One way or another, each of us needs to figure out how to be at home in the world .… At peace in our daily lives. Nembutsu, Buddha-recollection, in our stream of tradition means saying, or holding silently in mind, the name of the Buddha of Limitless Wisdom-light and Endless Life. Our feeling ill at ease in various ways will evaporate in our eventual, Enlightened lives.
The Nembutsu can also help us move towards being more at home even now. The Nembutsu is the direct path (Jiki Do). Nembutsu in its many verbal forms is a direct path to contact with the sacred. “Namo Amida Butsu” gives us direct access to that which is worthy, nurturing and true.
The Nembutsu is the direct path to encountering Amida Buddha’s active fulfilling of their Vow. The Vow of Universal Liberation (Hon Gan), is the promise of a new home which is the fulfillment of our dreams. The Buddha’s Promise of help for all living beings can also help us to be more at peace even now. Even If our circumstances are dire, the Nembutsu can help us to endure them. Still, I ask, how can we move forward with some semblance of composure?
There are two things that anyone must do to be at home in the world. The one thing we must do to have peace in our lives is to change our attitudes toward the world. We must soften our tone, deflate pretentions, set more realistic goals for ourselves. Buddhists of most schools, styles and persuasions usually understand this obligation. The other thing that we must do, in order to be at home in the world, is to act to change the world. We must act to change the world so that it comes to accord more closely with the most positive values and aspirations we have developed as Buddhists.
At a minimum, we must speak out in defense of the bullied, oppressed and marginalized. We must oppose tyrants, tyrannical ideas, and garden variety bullies. We must decry blocs to freedom of all sorts. We must, at a minimum, make it clear that we insist:
Stop Asian Hate Black Lives Matter
Palestinian Lives Matter LGBTQ Lives Matter
Speaking out in these ways against observed forms of prejudice and violence is a start. If you see unfairness, say something. After saying something, do something. Get into John Lewis style good trouble. Fight the fight that is good but that is also gentle. Despite being a struggle for what is genuine and fair, Buddhist skirmishes remain non-violent.
We must do the work of including those who are marginalized. When those who have been excluded are more at home, we can be more at home. Buddhists who have centered their lives upon the Nembutsu want to share our home with all those who need one.
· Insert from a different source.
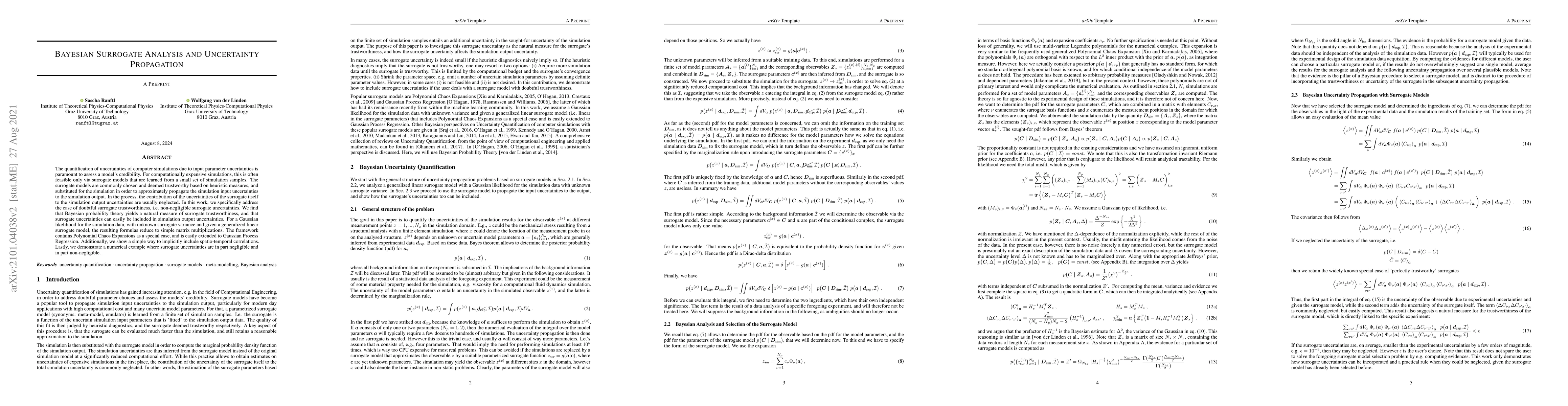 The quantification of uncertainties of computer simulations due to input parameter uncertainties is paramount to assess a model's credibility. For computationally expensive simulations, this is often feasible only via surrogate models that are learned from a small set of simulation samples. The surrogate models are commonly chosen and deemed trustworthy based on heuristic measures, and substituted for the simulation in order to approximately propagate the simulation input uncertainties to the simulation output. In the process, the contribution of the uncertainties of the surrogate itself to the simulation output uncertainties are usually neglected. In this work, we specifically address the case of doubtful surrogate trustworthiness, i.e. non-negligible surrogate uncertainties. We find that Bayesian probability theory yields a natural measure of surrogate trustworthiness, and that surrogate uncertainties can easily be included in simulation output uncertainties. For a Gaussian likelihood for the simulation data, with unknown surrogate variance and given a generalized linear surrogate model, the resulting formulas reduce to simple matrix multiplications. The framework contains Polynomial Chaos Expansions as a special case, and is easily extended to Gaussian Process Regression. Additionally, we show a simple way to implicitly include spatio-temporal correlations. Lastly, we demonstrate a numerical example where surrogate uncertainties are in part negligible and in part non-negligible.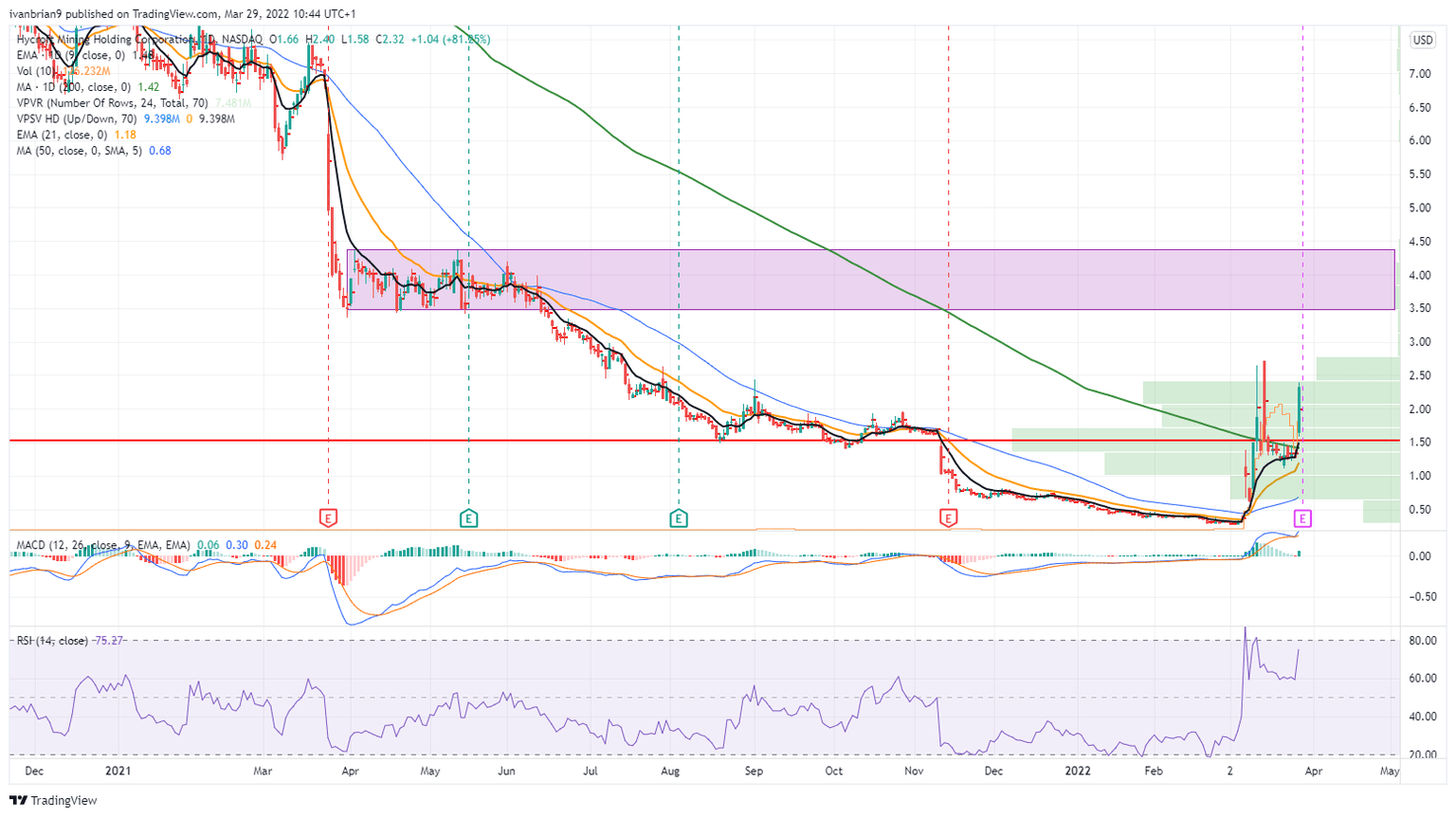 HYMC stock has traded as high as $3.42 in Tuesday's premarket. That brings it back to the consolidation zsone from last April and May so it will provide some resistance.

The Nembutsu, being the active compassion of the Buddha, will lead us both to humility and to the heroic project of reshaping the world in the light of the Dharma. The two aspects of genuine entrusting to the Nembutsu are simply these: the urge to change oneself and the aspiration to remake the world.
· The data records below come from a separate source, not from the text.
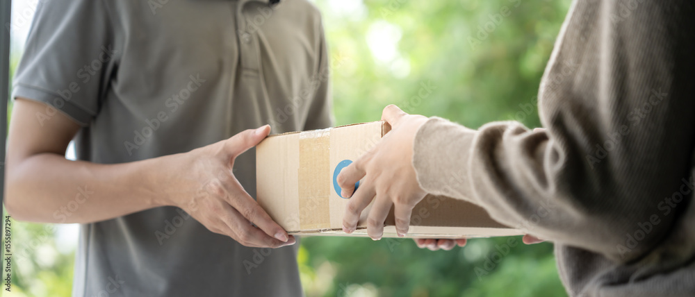 Happy smiling woman receives boxes parcel from courier in front house. Delivery man send deliver express. online shopping, paper containers, takeaway, postman, delivery service, packages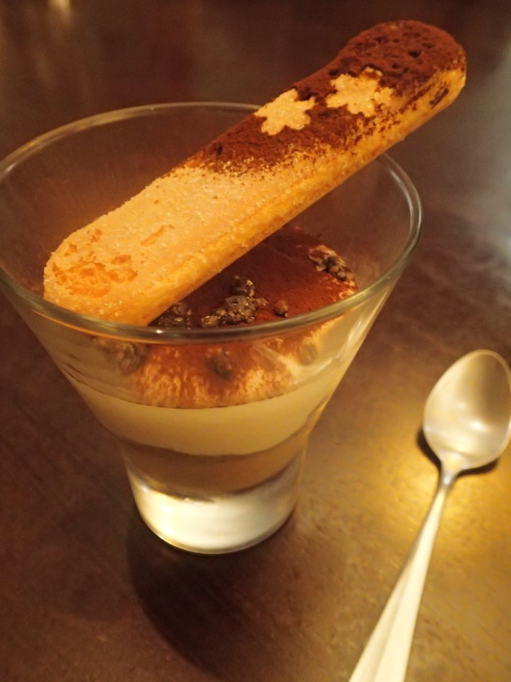 We had a couple of other dishes (which I failed to photograph) including my favourite Scallop Namban. And we couldn’t resist dessert – all four of us had the Black Sesame Tiramisu. And yes, it was delicious.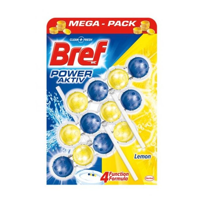 Tuhý WC blok Bref je vo forme 4 guľôčok s receptúrou so 4 funkciami - dokonalá čistota, čistiaca pena, ochrana proti vodnému kameňu a sviežosť. S atypickým tvarom, ktorý sa hodí pre všetky toalety. Certifikovaný ako odolný voči náhodnému otvoreniu deťmi (zdroj Nem. Inštitút pre Normalizáciu - norma DIN EN 862 2006). Vôňa citrónu.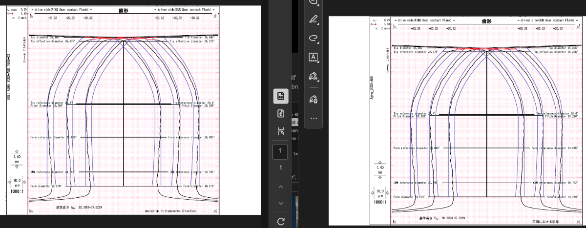 [WM...] Posted Thursday at 08:34 AM Share Posted Thursday at 08:34 AM Everyone, please help me. I am comparing the results of exporting the same ACT file using GearPro versions 5.6 and 6.2. After combining the two results, I noticed that the K‑chart lines differ in the areas where crowning is present. Could you explain why such differences occur? Also, if there is a way to output the K‑chart line as text data—similar to the XSLT output for tooth profile and lead—please let me know. ver6.2.pdf ver5.6.pdf Link to comment Share on other sites More sharing options...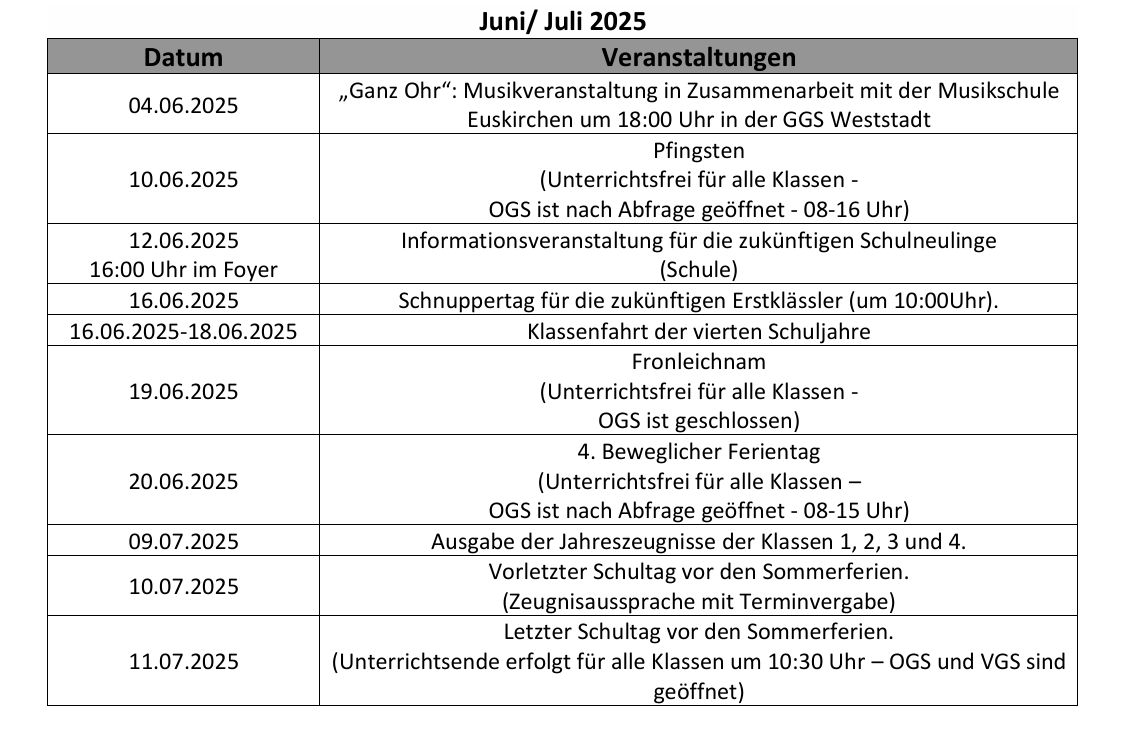 Termine Juni Juli

At least, this is what I see in Shinran, in all the most impressive teachers in the Jodo Shinshu lineage, and in my own still-unfolding engagement with the Nembutsu. You may say that I’m a dreamer, but John Lennon, John Lewis and I are not the only ones. One day so many of us will live up to both of these responsibilities — change oneself in all humility, change the world with deep conviction — that “the world will be as one.”